430 total views, 3 views today
Will Trent Review 2023 Tv Show Series Season Cast Crew Online
The woman, Abigail Bentley (guest star Jennifer Morrison) finds what the thinks is her daughter’s body, then wrestles whom she thinks stabbed her to death down the stairs, eventually strangling him with a tennis racquet.
We then cut to Will Trent (Ramón Rodríguez), special agent for the Georgia Bureau of Investigation, trying to bring Betty, the tiny chihuahua his neighbor left behind when he moved, to the local shelter. But when they can’t confirm that they’re a no-kill shelter, he brings the little doggie back home. His boss at the GBI, Amanda Wagner (Sonja Sohn), brings him to the house to read the crime scene, a favor to the governor. The Atlanta PD is completely hostile to Trent, given that his last big case was about corruption in the APD, resulting in the arrests and resignations of many of their colleagues.
When he looks at the scene he realizes some things are off. But when the girl’s father, auto dealership owner Paul Campano (guest Mark-Paul Gosselaar) shows up and tells Will that’s not his daughter, Will realizes that Campano’s and Bentley’s daughter was kidnapped. So, even though GBI doesn’t investigates homicides and Trent’s never done an abduction case, Amanda lets her best detective run with it. She also elevates APD detective Faith Mitchell (Iantha Richardson) to temporary agent status to partner up with him; she’s a family friend and knows Faith will be a good complement to Trent’s unique skills.
When Campano calls Trent “Trash”, alluding to the fact that Trent was found in a Dumpster as a baby, we start to get filled in on the rough upbringing Trent had in Atlanta’s foster system. It also alludes to the fact that the two of them knew each other; they both lived in the same group home when they were kids, and Campano was a massive bully.
There is also someone else who shares Trent’s group home experience: APD detective Angie Polaski (Erika Christensen). They’ve also been on-again, off-again since their days in the group home, but she’s also been his biggest supporter. She knows he struggles to read due to his dyslexia, and he’s devised some ingenious ways to get around it, like speaking his notes into a tape recorder.

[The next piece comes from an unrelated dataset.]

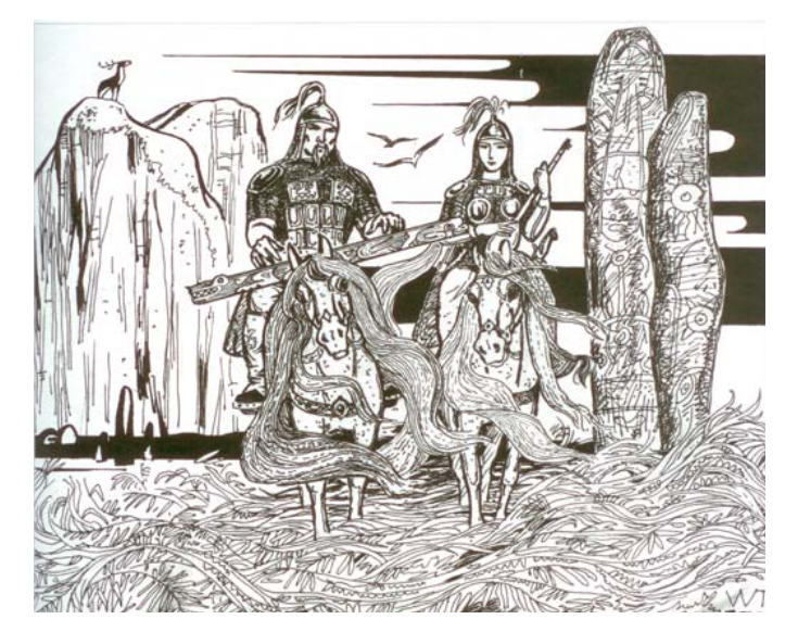
Fig. 6 «Oh Chibek Aryg», 1994 by V.A. Todykov

representative of the ethnic group, he has the courage and bravery defending his people from foreign influence. This idea can be correlated with the current state of the Khakass people that is under the pressure of Russian culture. The works depicting the fight scene of Khakass heroes are intended to influence the viewer, each representative of Khakass ethnic group. The objective of each of these works is to increase the hope and faith in the ability of self-preservation of the national and ethnic values.

She has issues of her own; she’s in recovery while she happens to be undercover on a drug sting.
Let’s get this out of the way immediately: The mysteries in the first two episodes of Will Trent don’t really hang together well. There’s the overarching mystery of the kidnapped teenager, which most definitely wastes the talent of Morrison in her guest role. But in each episode, there’s also a case involving Polaski, first in her undercover capacity then in the second episode in her new position as a homicide detective, paired with Det. Michael Ormewood (Jake McLaughlin), with whom she also seems to have a history.

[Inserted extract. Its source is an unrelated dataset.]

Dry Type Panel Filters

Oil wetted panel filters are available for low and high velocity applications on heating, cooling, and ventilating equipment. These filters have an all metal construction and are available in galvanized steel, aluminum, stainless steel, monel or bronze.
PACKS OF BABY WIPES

The mysteries in each case are relatively straightforward, more designed to introduce us to the characters and their histories than to be truly intriguing on their own. If that’s the intention of Liz Heldens and Daniel T. Thomsen, who developed the show from the novel series (Slaughter is also an EP), that’s just fine with us. The character of Trent is pretty well established in the first two episodes, including his reading disability and rough upbringing; it makes him a whole lot deeper than the quirks he displays in the show’s first moments.
His natty mode of dress, the handkerchief that he carries, the fact that he doesn’t write any notes, are all adeptly explained in the first two episodes, and Rodroguez’s portrayal of him should get more layered as the series continues. The only thing we would like to see from Rodríguez is that he gets a handle of Trent’s voice, literally: There were times in the first two episodes where he lays on the “Southern Gentleman” accent pretty thick and there are others where the accent isn’t there and he just sounds like himself. He needs to pick a lane there and be consistent.
We also get enough backstories of the thankfully small ensemble to be intrigued by where their characters are supposed to go. Christensen is especially good as Polaski, who sees her relationship with Will as something detrimental to her moving on with her life, but they also have a bond that not many people can share. But we also just enjoyed her nuanced performance, something that’s often in short supply on network procedurals like this.
Because of the surprisingly deep character development in the first two episodes, we’ll be happy to follow Trent, Polaski and company through various mediocre mysteries, just like we did when we watched Monk or Elementary.